Тайна гибели Бориса и Глеба - Дмитрий Боровков
Шрифт:
Интервал:
Если заглавие «Об убиении Борисове» вошло в летопись позднее, чем сама повесть, логично предположить, что ее начало было сокращено или соединено с предшествующим текстом о болезни Владимира. Верхний текстологический шов повести, проходящий в летописном тексте от слов: «Святополк сел в Киеве по смерти отца своего, и созвал киевлян, и стал давать им подарки» (в оригинале: «Святополк седе Кыеве по отци своем, и созва кыяны и нача даяти им именье»), установлен в определенной степени искусственно. Нижний текстологический шов вполне определенно локализуется после сообщения об убийстве Святослава Древлянского: «Святополк же окаянный стал княжить в Киеве. Созвав людей, стал он им давать кому плащи, а другим деньгами, и роздал много богатств» (в оригинале: «Святополк же оканныи нача княжити в Кыеве, созвав люди, нача даиати одним корзна, а другым кунами и раздана множьство»).

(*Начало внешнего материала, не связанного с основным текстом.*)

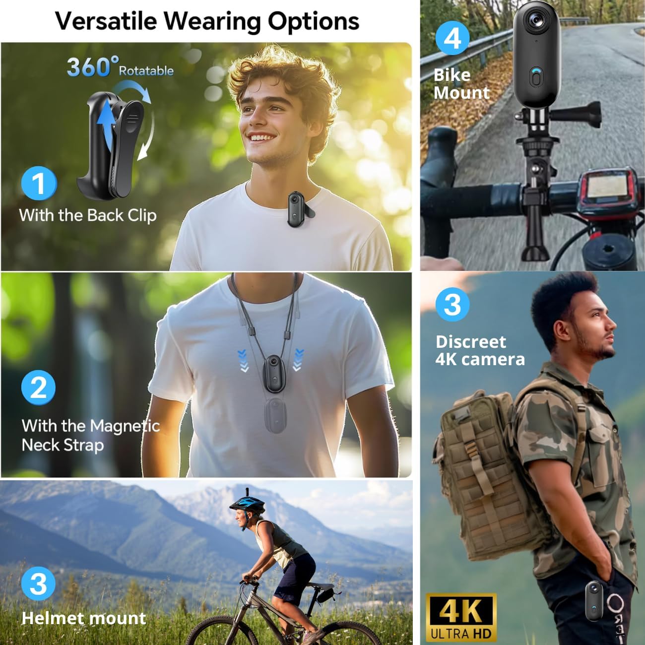 ππΌ ONE CLIP WEARABLE ON NECK: Comfortable body camera small, wearable as easy to use with the magnetic collar, this thumb camera have sport body material designed for outdoor activities and vlogging, featured with full accessories, mount bike and motorcycles, hat clip, mount helmet, connector for tripods, waterproof case up to 30M protection, clip case, wrist strap, pet collar and more.

Если воспринимать летописную статью 1015 г. как единое целое, то присутствие этой дублировки можно объяснить лишь тем, что первой «благотворительной акцией» Святополк отметил свое вокняжение, а второй — устранение своих политических конкурентов, которое, согласно повести «Об убиении», было совершено втайне. Однако в контексте ситуации это объяснение является слишком натянутым. Поэтому указанная дублировка о вокняжении Святополка, скорее всего, возникла, когда в летописный текст была вставлена повесть «Об убиении Борисове». При этом чтение: «Святополк же оканныи нача княжити в Кыеве, созвав люди, нача даиати одним корзна, а другым кунами и раздана множьство», которое в силу своей подробности, очевидно, было первоначальным, оказалось оттеснено на второй план и подверглось модификации за счет определения «оканный», которое связало бы его с предшествующими действиями нового правителя, описанными в повести. Итак, судя по структуре статьи 1015 г. ПВЛ, в ней можно выделить три текстологически самостоятельные части: «Похвалу Владимиру» как «новому Константину», повесть «Об убиении Борисове» и остальной текст, восходящий к «Летописцу Ярослава».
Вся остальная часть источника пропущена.